To accomplish this, the paper proposes a more generalized form of dynamic convolution calledKernelWarehouse, inspired mainly by two observations of existing dynamic convolution methods: (1) They treat all parameters in a regular convolutional layer as static kernels, changing the number of convolutional kernels from1increase to$n$ and use its note module to convert the$n$ individual static kernels are assembled into a linear hybrid kernel. While intuitive and effective, they do not take into account parameter dependencies between static kernels within the convolutional layer; (2) They areConvNetThe individual convolutional layers of the$n$ a collection of static kernels, ignoring parameter dependencies between neighboring convolutional layers.
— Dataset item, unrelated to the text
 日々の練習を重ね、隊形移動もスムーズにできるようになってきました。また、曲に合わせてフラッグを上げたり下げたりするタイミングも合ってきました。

In sharp contrast to existing methods, theKernelWarehouseThe core idea is to utilizeConvNetThe convolutional parameter dependencies of the same layer and neighboring layers in the middle are reconstituted as dynamic convolutions in order to achieve a trade-off between parameter efficiency and representational power that achieves substantial improvements.
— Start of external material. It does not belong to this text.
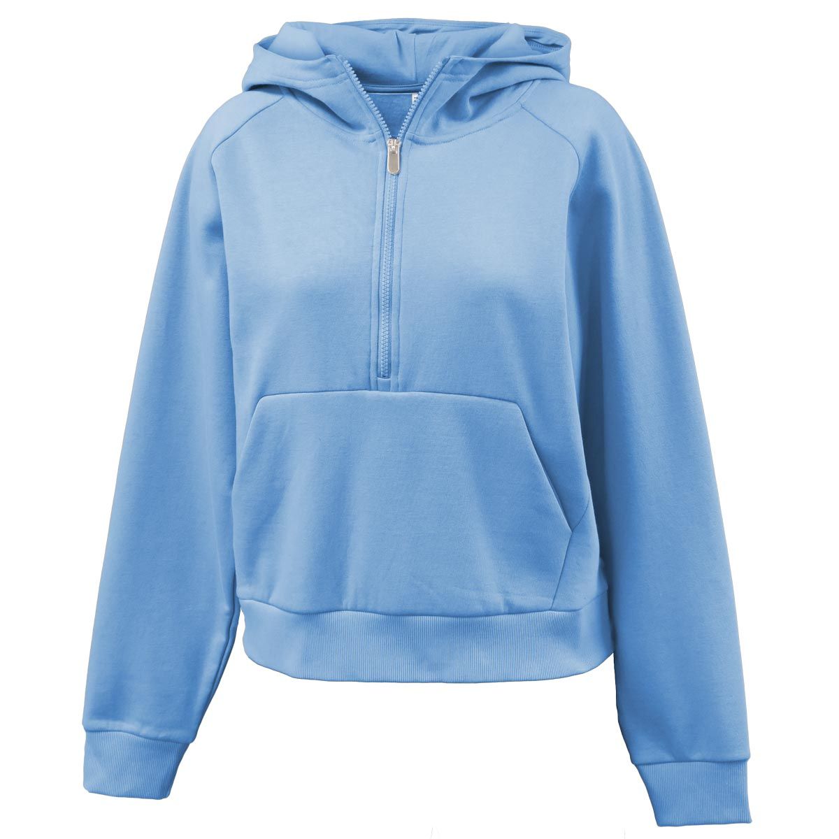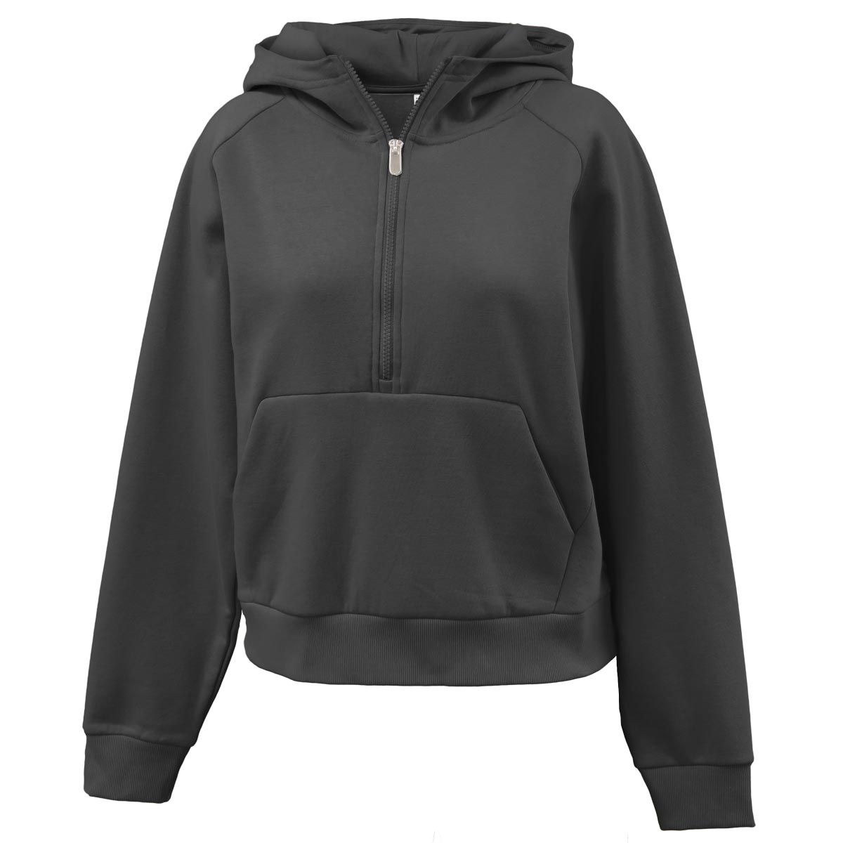 New supersoft fleece cozy half-zip placket fully lined hood raglan sleeve pouch pocket waist length women’s fit rib cuffs and bottom 60% cotton/ 40% poly Embroidery LC – Transform Fitness Logo

KernelWarehouseIt consists of three components, kernel partitioning, repository building and sharing, and contrast-driven attention functions, which are tightly interdependent. Kernel partitioning redefines the "kernel" in linear mixing by utilizing parameter dependencies within the same convolutional layer, defined at smaller local scales rather than the overall scale. Repository construction and sharing exploits parameter dependencies between neighboring convolutional layers to redefine the "assembly kernel" across convolutional layers of the same stage, and generates an assembly kernel that includes$n$ A localized kernel (e.g.$n=108$ ) of large repositories for linear hybrid sharing across layers. Contrast-driven attention functions are used to solve problems in challenging$n>100$ The problem of attentional optimization in a cross-layer linear hybrid learning paradigm redefines the "attention function" in the setting. Given different budgets for the convolutional parameters, theKernelWarehouseProvides a high degree of flexibility, allowing for a large enough$n$ values to nicely balance parameter efficiency and representation capability.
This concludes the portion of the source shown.